To verify that thresholding the transition matrix does not alter biological findings, we compared fate probabilities derived from the original and the thresholded transition matrix on a dataset of MEF reprogramming¹⁵. For each terminal state, we computed the Pearson correlation between fate probabilities estimated by each approach (Extended Data Fig. 6d).

Estimating cellular fate from time-resolved single-cell RNA sequencing data

Traditional single-cell sequencing protocols include cell lysis and are, thus, destructive by nature. Consequently, the transcriptome can only be measured once, resulting in snapshot data. Recently, metabolic-labeling approaches have been extended to single-cell resolution, providing an opportunity to overcome this challenge by measuring newly synthesized mRNA in a given time window⁸⁰. To label transcripts, current protocols rely on the nucleoside analogs 4-thiouridine (4sU; scSLAM-seq¹², sci-fate¹⁰, NASC-seq⁸¹, scNT-seq¹¹, Well-TEMP-seq⁸² and others⁸³) or 5-ethynyl-uridine (5EU; scEU-seq⁹, spinDrop⁶⁵, TEMPOmap¹³ and others⁶⁶).
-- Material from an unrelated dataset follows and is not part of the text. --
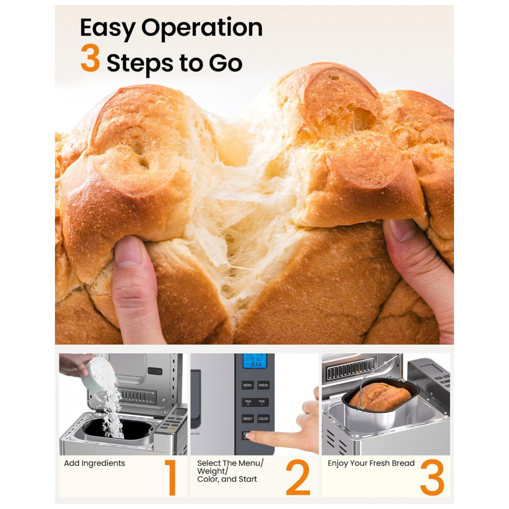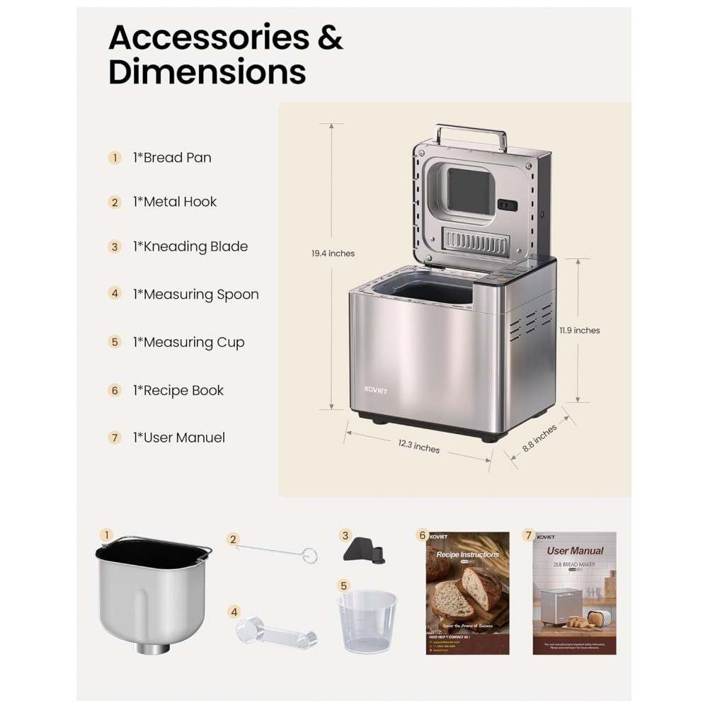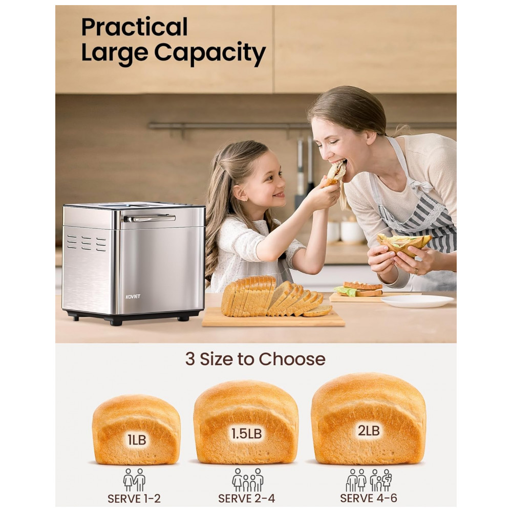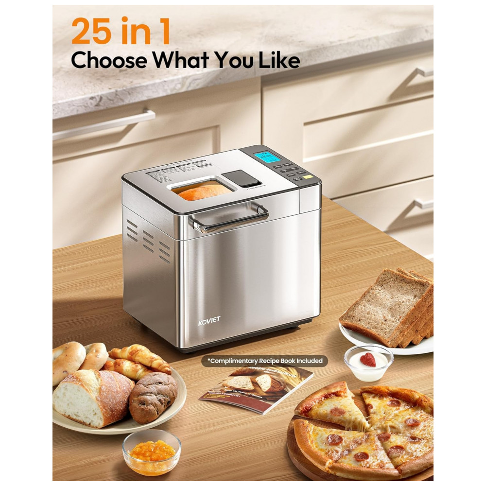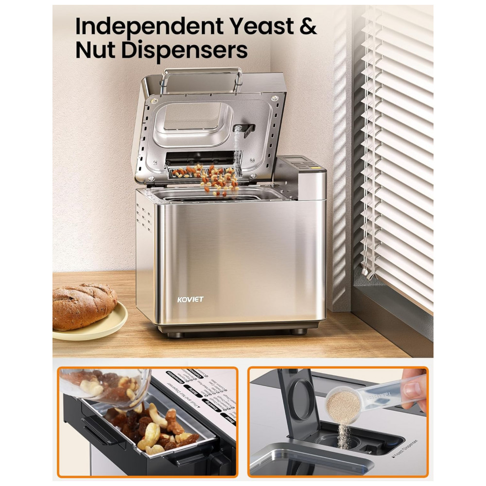 Máquina de Pão 25 em 1 KOVIET Aço Inoxidável Prata Dispensador Duplo Automático Gluten-Free Timer 15H Painel Touch
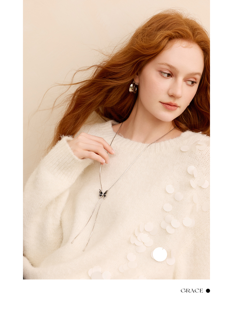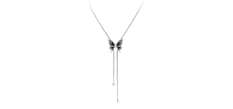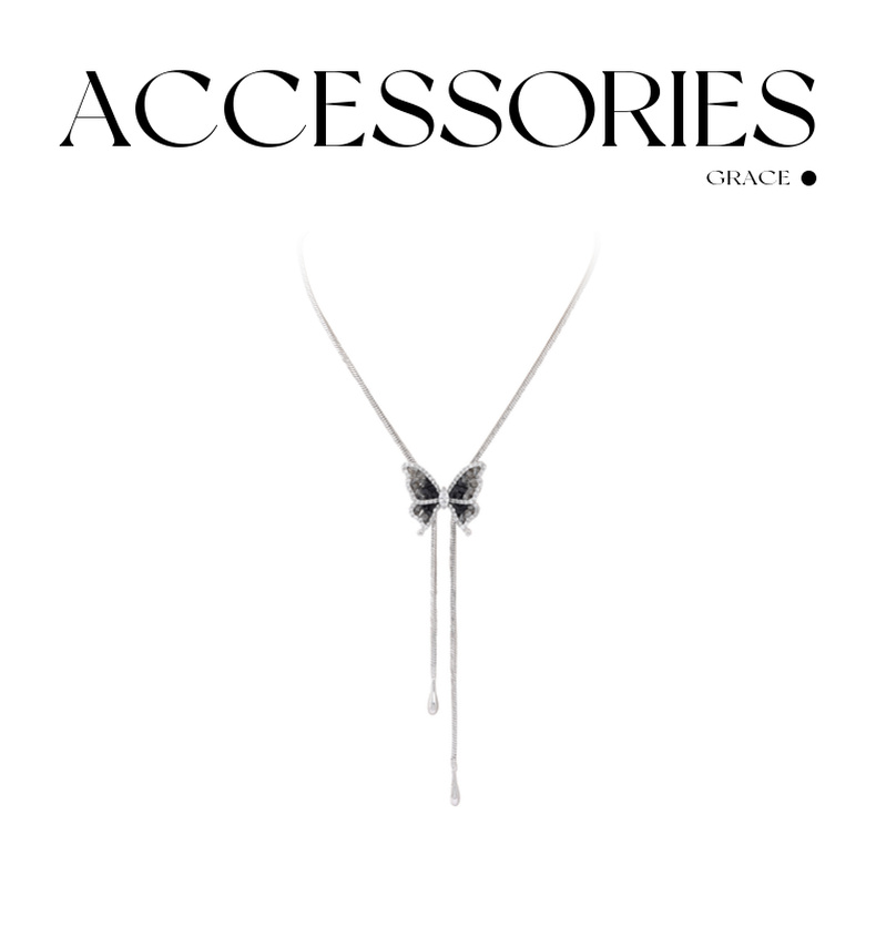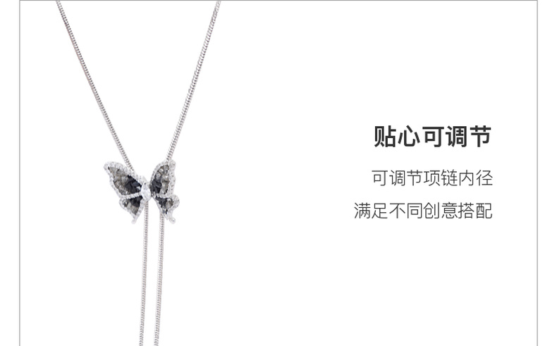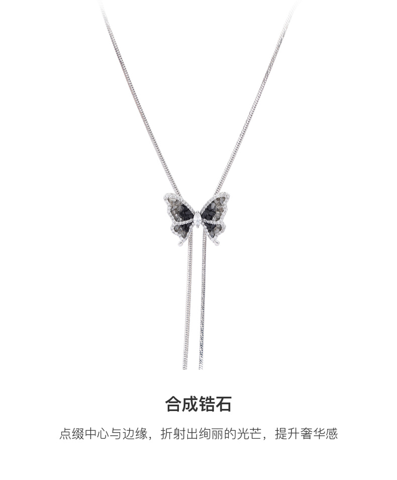 三彩2025新款轻奢锆石仿水晶蝴蝶项链可调节渐变黑色优雅毛衣链

Our study considers two types of labeling experiments: pulse and chase⁹. Pulse experiments consist of labeling n cell cultures, starting at times t_j, j ∈ {1, …, n}. Conversely, in chase experiments, cells are exposed to nucleoside analogs for long enough (for example, more than 24 h), resulting in only labeled transcripts. Following, these labeled transcripts are washed out, starting at times t_j. Similar to the pulse experiment, chase experiments include, in general, washing out at n different times. Finally, in both types of experiments, all cells are sequenced at a time t_f, naturally defining the labeling time (or duration) by ${\tau }_{l}^{(j\,)}={t}_{f}-{t}_{j}$.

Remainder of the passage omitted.